Post-Quantum Cryptographic Audit Tool
Qsentinel scans live TLS/SSH endpoints and tells you, in concrete numbers, how long it would actually take to break them — once with classical computing, once with a quantum computer running Shor's or Grover's algorithm.
Most cryptographic audit tools tell you what algorithm a server uses (RSA-2048, AES-128, SHA-256...) and flag it as "weak" or "strong" based on static rules. That's useful, but it doesn't really answer the question that matters: weak against what, and for how long?
RSA-2048 is effectively unbreakable classically — the estimate is tens of trillions of years. The same key, attacked with a sufficiently large fault-tolerant quantum computer running Shor's algorithm, falls in a matter of hours. That gap — from "longer than the age of the universe" to "before lunch" — is the entire point of post-quantum cryptography, and it's very hard to internalize from a spec sheet.
Qsentinel exists to make that gap visible. It runs the real estimations (classical factorization complexity, Grover's quadratic speedup against symmetric ciphers, Shor's algorithm against RSA/ECC), benchmarks them, and produces a report that shows — side by side — what "secure" currently means and what it will stop meaning once quantum hardware catches up. The goal isn't to predict exactly when that happens; it's to show why migrating to post-quantum algorithms (Kyber, Dilithium, and the rest of the NIST PQC suite) isn't a theoretical precaution but a measurable, quantifiable necessity.
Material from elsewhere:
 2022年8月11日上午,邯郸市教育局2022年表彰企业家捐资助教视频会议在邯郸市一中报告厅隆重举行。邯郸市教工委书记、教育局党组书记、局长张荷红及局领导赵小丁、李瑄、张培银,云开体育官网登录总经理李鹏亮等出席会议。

- Live TLS/SSH scanning of a target host (
sslyze,paramiko) — TLS versions, cipher suites, certificate key type and size. - Classical cracking time estimation for the detected algorithms (RSA factorization via GNFS complexity, ECC via Pollard's rho / BSGS).
- Quantum cracking time estimation by simulating the relevant algorithms with Qiskit — Shor's algorithm against RSA/ECC, Grover's algorithm against symmetric keys and hashes.
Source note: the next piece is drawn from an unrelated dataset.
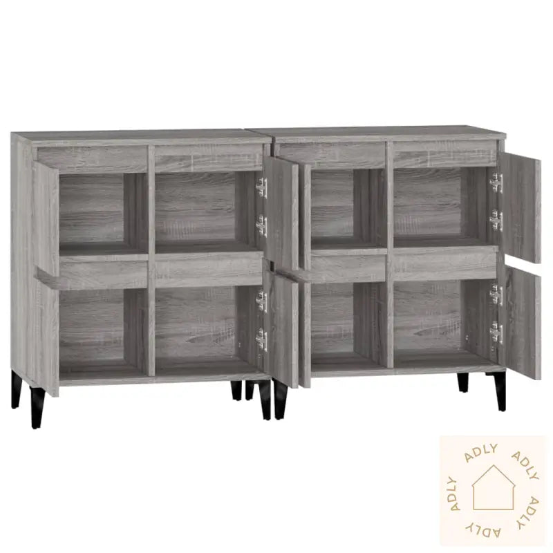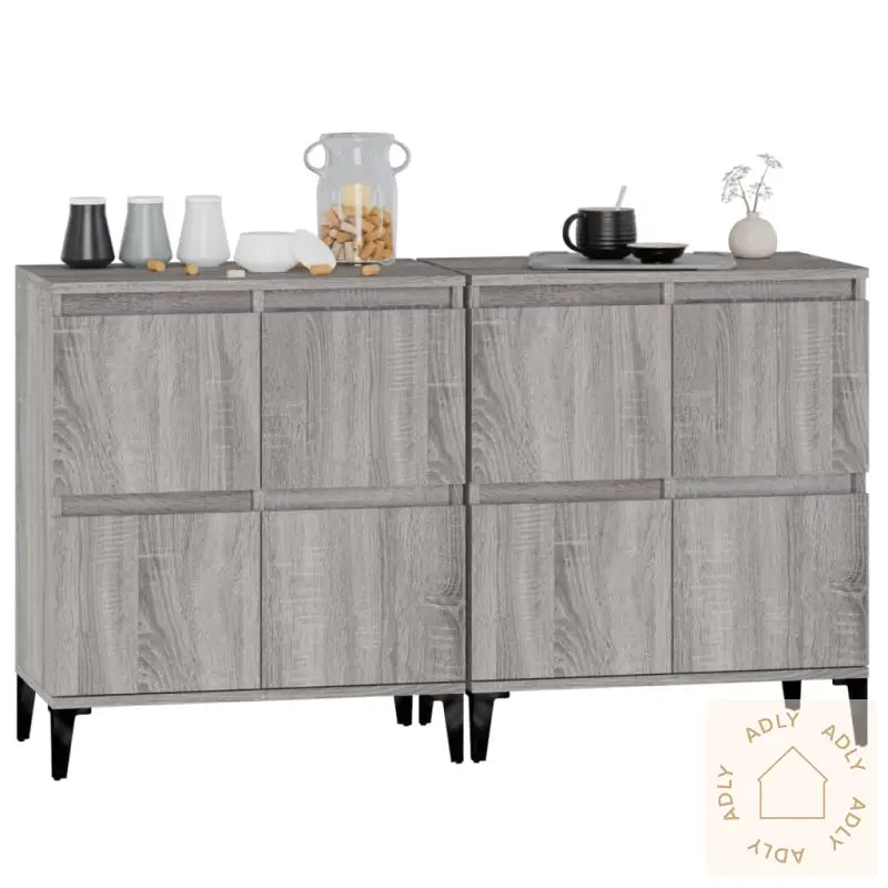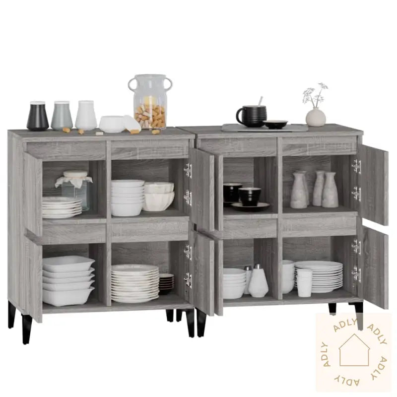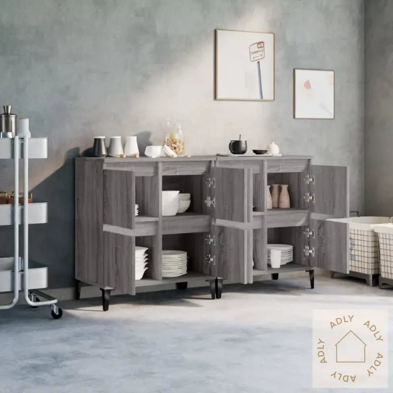 Slitesterkt materiale: Skjenkene er laget av konstruert tre, kjent for sin eksepsjonelle kvalitet. Dette materialet har en glatt overflate, er motstandsdyktig mot fuktighet, og tilbyr både styrke og stabilitet – egenskaper som gjør at dine møbler til hjemmet holder seg flotte lenge. I tillegg er de enkle å rengjøre, kun med en fuktig klut.Rikelig lagringsplass: Med fire rom får du god plass til å lagre og organisere alt fra servise og tørkeruller til hverdagslige nødvendigheter. Dette hjelper deg å holde hjemmet ryddig og oversiktlig, samtidig som viktige ting alltid er lett tilgjengelig.Praktisk og dekorativt: Toppen av skjenken er perfekt for å vise frem dekorative favoritter, fotoalbum, små planter eller personlige minner, slik at du enkelt kan sette et personlig preg på innredningen.Advarsel:

- Side-by-side comparison of classical vs. quantum attack time, with the resulting speedup factor.
- Post-quantum recommendations mapped to NIST PQC standards (e.g. Kyber for key exchange, Dilithium for signatures).
- Robustness score (0–100) summarizing the target's overall posture against both classical and quantum threats.
- Benchmark suite measuring the actual runtime of each estimation/simulation routine (BSGS, RSA factorization, Shor, Grover, Kyber, Dilithium).
- HTML report generation with all of the above, ready to share or archive.
It's strongly recommended to run Qsentinel inside a virtual environment, since it depends on qiskit, liboqs, sslyze, and paramiko.
Option A — using venv (standard library)
Linux / macOS
git clone https://github.com/n40y/Qsentinel.git
cd Qsentinel
python3 -m venv venv
source venv/bin/activate
pip install -r requirements.txtWindows (PowerShell)
git clone https://github.com/n40y/Qsentinel.git
cd Qsentinel
python -m venv venv
.\venv\Scripts\Activate.ps1
pip install -r requirements.txtWindows (cmd.exe)
git clone https://github.com/n40y/Qsentinel.git
cd Qsentinel
python -m venv venv
venv\Scripts\activate.bat
pip install -r requirements.txtTo leave the environment at any time: deactivate.
Option B — using uv (faster, recommended)
uv handles the virtual environment and dependency installation in one step, on Linux, macOS, and Windows alike.
git clone https://github.com/n40y/Qsentinel.git
cd Qsentinel
uv venvThen activate it the same way as a standard venv:
# Linux / macOS
source .venv/bin/activate
# Windows PowerShell
.venv\Scripts\Activate.ps1Install dependencies:
uv pip install -r requirements.txtOr, without activating the environment at all, run commands directly through uv:
uv run main.py -t google.com -p 443 -v --benchmarkIf you don't have uv installed yet:
# Linux / macOS
curl -LsSf https://astral.sh/uv/install.sh | sh
# Windows PowerShell
powershell -ExecutionPolicy ByPass -c "irm https://astral.sh/uv/install.ps1 | iex"python main.py -t <target> -p <port> -v --benchmark| Option | Description |
|---|---|
-t, --target |
Target host to scan (e.g. google.com) |
-p, --port |
Target port (default: 443) |
-v, --verbose |
Verbose output |
--benchmark |
Run and display the algorithm benchmark suite |
The scan produces a console summary and an HTML report (report.html) containing the TLS configuration, the classical/quantum comparison, the post-quantum recommendations, and the robustness score.
Python · sslyze · paramiko · Qiskit · liboqs
Qsentinel only performs passive TLS/SSH handshake analysis and offline cryptographic estimation — it does not attempt to break or interfere with any target's cryptography. Always make sure you are authorized to scan a given host before doing so.